Case ID: f-appx_112/html/0507-01.html
Source: Caselaw Access Project
Author: {"author": "BATCHELDER, Circuit Judge.", "license": "Public Domain", "url": "https://static.case.law/"}
Date Created: 2024-08-24T03:29:51.129683

Danny W. NOBLE; Cynthia L. Noble, as legal guardians of Carrie L. Noble, a developmentally disabled individual, Plaintiffs-Appellants, v. BRANCH INTERMEDIATE SCHOOL DISTRICT; Branch Intermediate School District, Board of Education; Robert Montgomery, individually, Defendants-Appellees.
    No. 02-2505.
    United States Court of Appeals, Sixth Circuit.
    Oct. 22, 2004.
    Martha J. Widdows-Witham, George T. Perrett, Vandervoort, Christ, & Fisher, Battle Creek, MI, for Plaintiffs-Appellants.
    William Vogelzang, Jr., Mark T. Ostrowski, Kluczynski, Girtz & Vogelzang, Grand Rapids, MI, for Defendant-Appellee.
    Before SUHRHEINRICH and BATCHELDER, Circuit Judges; and RICE, District Judge.
    
      
      The Honorable Water Herbert Rice, United States District Judge for the Southern District of Ohio, sitting by designation.
    
   BATCHELDER, Circuit Judge.

Plaintiffs appeal the orders of the district court granting summary judgment to the defendants Branch Intermediate School District and Branch Intermediate School District Board of Education on plaintiffs’ claim under Title IX of the Education Amendments of 1972, 20 U.S.C. §§ 1681-1688 and dismissing without prejudice plaintiffs’ state law claims; and denying plaintiffs’ Fed.R.Civ.P. 59(e) motion for reconsideration and to amend the judgment. Plaintiffs’ claims all arise from a sexual assault on Carrie Noble, a developmentally disabled minor, while she and her attacker were students at a school for the developmentally disabled operated by the defendant school district. The district court held that the record did not contain evidence to support a jury verdict on any of the elements necessary to establish school district liability under Title IX.
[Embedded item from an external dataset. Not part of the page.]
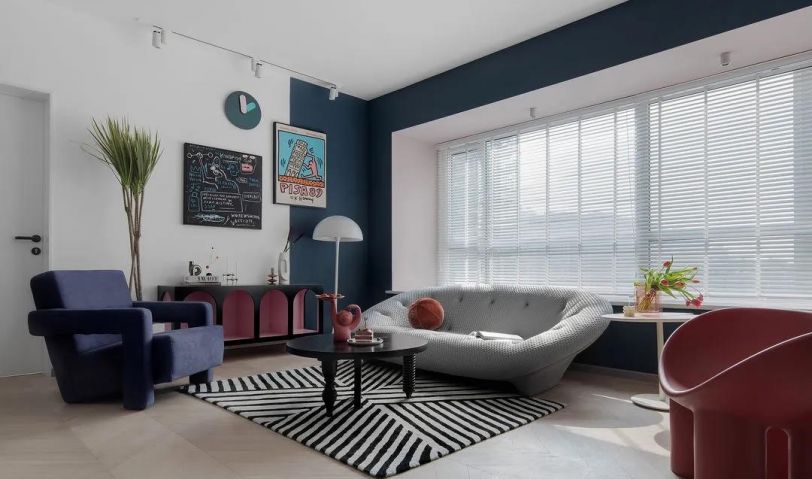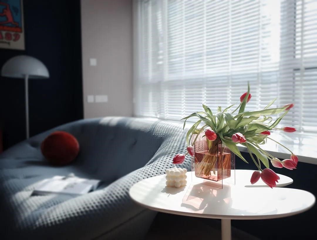 飄窗選用百葉簾,利落干凈,可根據(jù)需求靈活調(diào)節(jié)光線,沙發(fā)與裝飾柜均為成品,空間靈活可變

Having had the benefit of oral argument, and having carefully considered the record on appeal, the briefs of the parties and the applicable law, we conclude that the district court’s opinion granting summary judgment and its memorandum opinion denying reconsideration thoroughly and accurately set out both the undisputed facts and the governing law. Because the issuance of a full opinion would serve no jurisprudential purpose and would be duplicative, we AFFIRM on the basis of the district court’s well-reasoned opinions both the order granting summary judgment and dismissing without prejudice the state law claims and the order denying reconsideration.